**Your instructions**: In the records below, find the line with "文章摘要的内容:潘展乐以非凡的表现,在国...", then retype it and every following line exactly, stopping after the line with "Πολλοί έχουν παρατηρήσει". Leave the pictures out.

Data section start

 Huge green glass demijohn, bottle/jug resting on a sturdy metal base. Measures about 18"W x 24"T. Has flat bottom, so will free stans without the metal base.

Data section end
Data section start

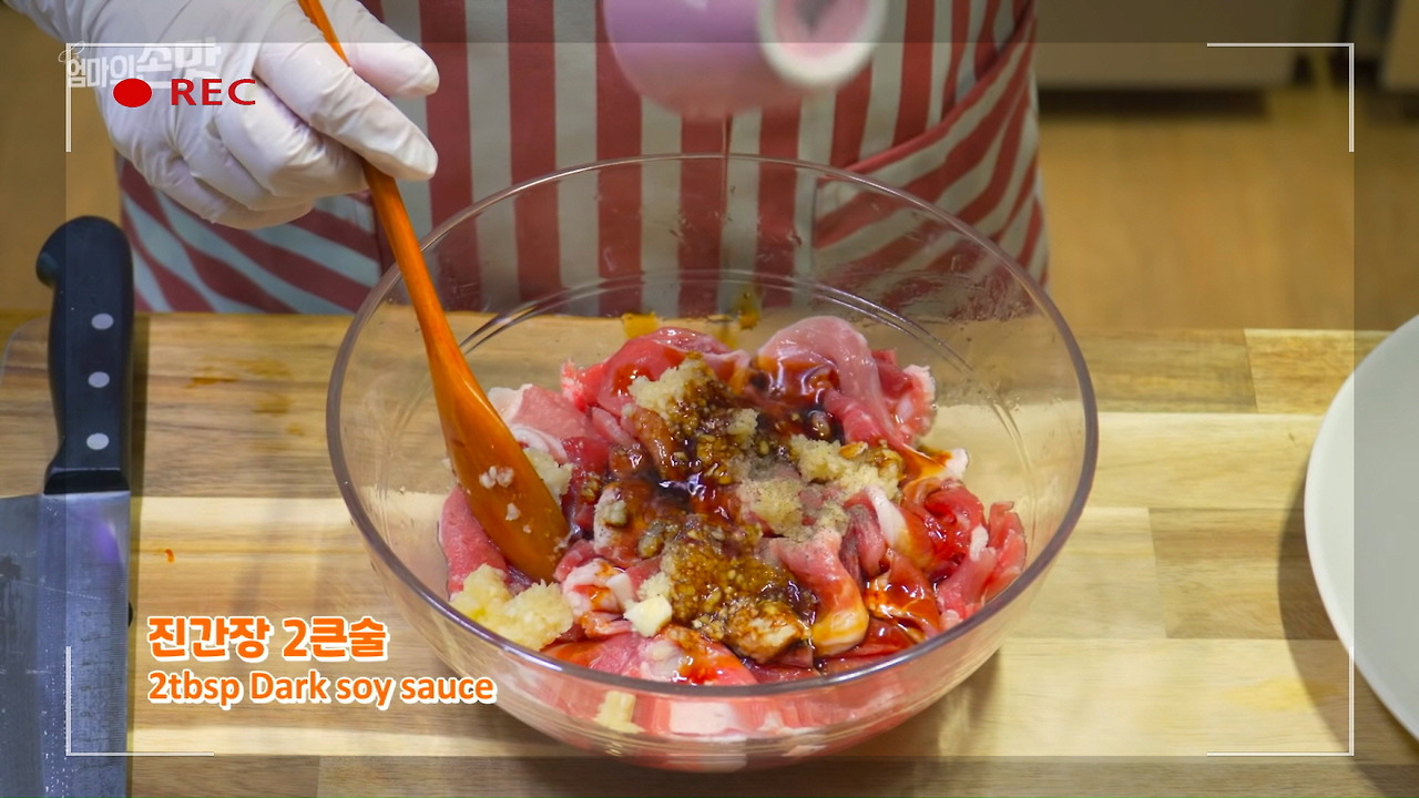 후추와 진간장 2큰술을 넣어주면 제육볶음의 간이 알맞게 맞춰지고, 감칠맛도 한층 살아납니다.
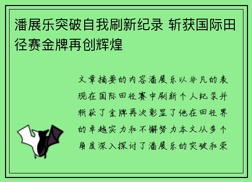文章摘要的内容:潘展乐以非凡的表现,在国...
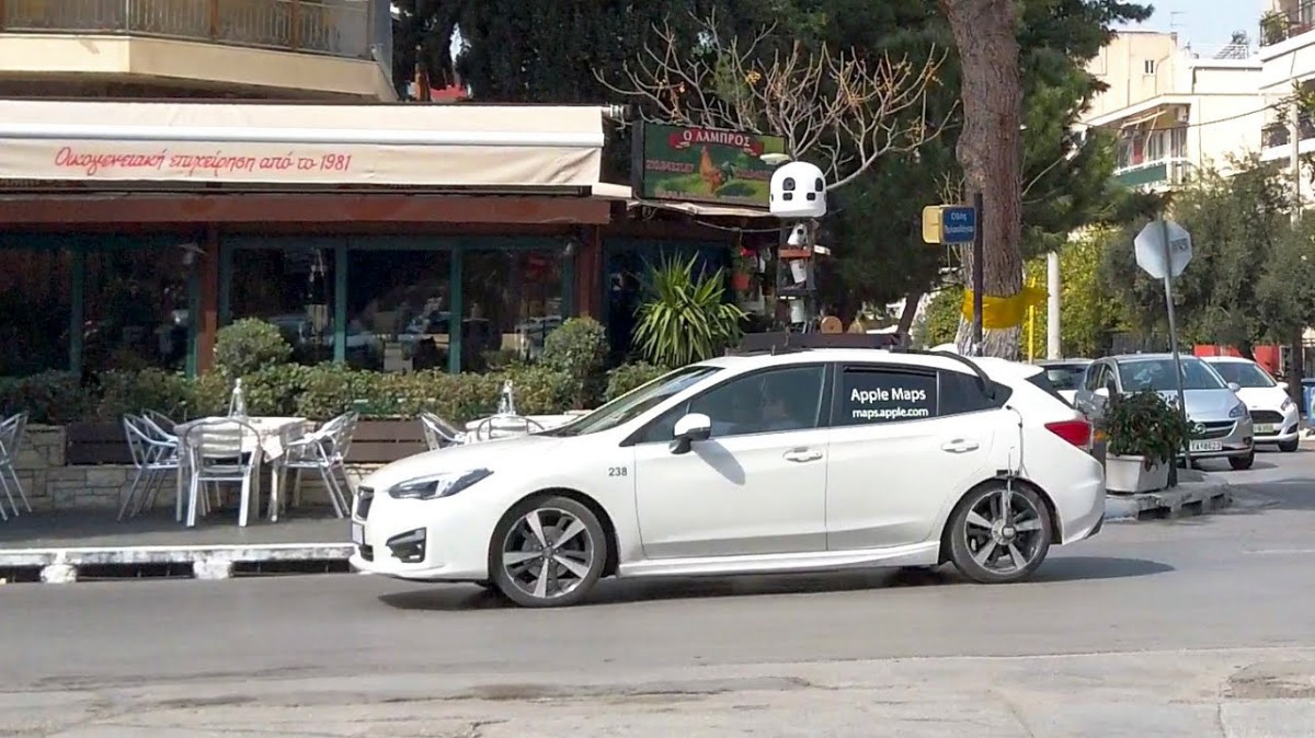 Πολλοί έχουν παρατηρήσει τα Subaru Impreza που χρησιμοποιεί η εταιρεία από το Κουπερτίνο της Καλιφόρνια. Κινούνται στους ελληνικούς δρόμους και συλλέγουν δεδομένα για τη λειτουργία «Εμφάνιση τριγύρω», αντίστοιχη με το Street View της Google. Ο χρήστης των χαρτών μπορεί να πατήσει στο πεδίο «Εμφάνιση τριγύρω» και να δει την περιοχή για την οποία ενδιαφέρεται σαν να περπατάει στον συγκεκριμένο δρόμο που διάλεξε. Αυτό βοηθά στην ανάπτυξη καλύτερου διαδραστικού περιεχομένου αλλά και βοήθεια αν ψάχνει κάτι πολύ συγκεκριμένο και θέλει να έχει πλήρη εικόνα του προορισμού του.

Data section end

**Your solution**:
文章摘要的内容:潘展乐以非凡的表现,在国...
 Πολλοί έχουν παρατηρήσει τα Subaru Impreza που χρησιμοποιεί η εταιρεία από το Κουπερτίνο της Καλιφόρνια. Κινούνται στους ελληνικούς δρόμους και συλλέγουν δεδομένα για τη λειτουργία «Εμφάνιση τριγύρω», αντίστοιχη με το Street View της Google. Ο χρήστης των χαρτών μπορεί να πατήσει στο πεδίο «Εμφάνιση τριγύρω» και να δει την περιοχή για την οποία ενδιαφέρεται σαν να περπατάει στον συγκεκριμένο δρόμο που διάλεξε. Αυτό βοηθά στην ανάπτυξη καλύτερου διαδραστικού περιεχομένου αλλά και βοήθεια αν ψάχνει κάτι πολύ συγκεκριμένο και θέλει να έχει πλήρη εικόνα του προορισμού του.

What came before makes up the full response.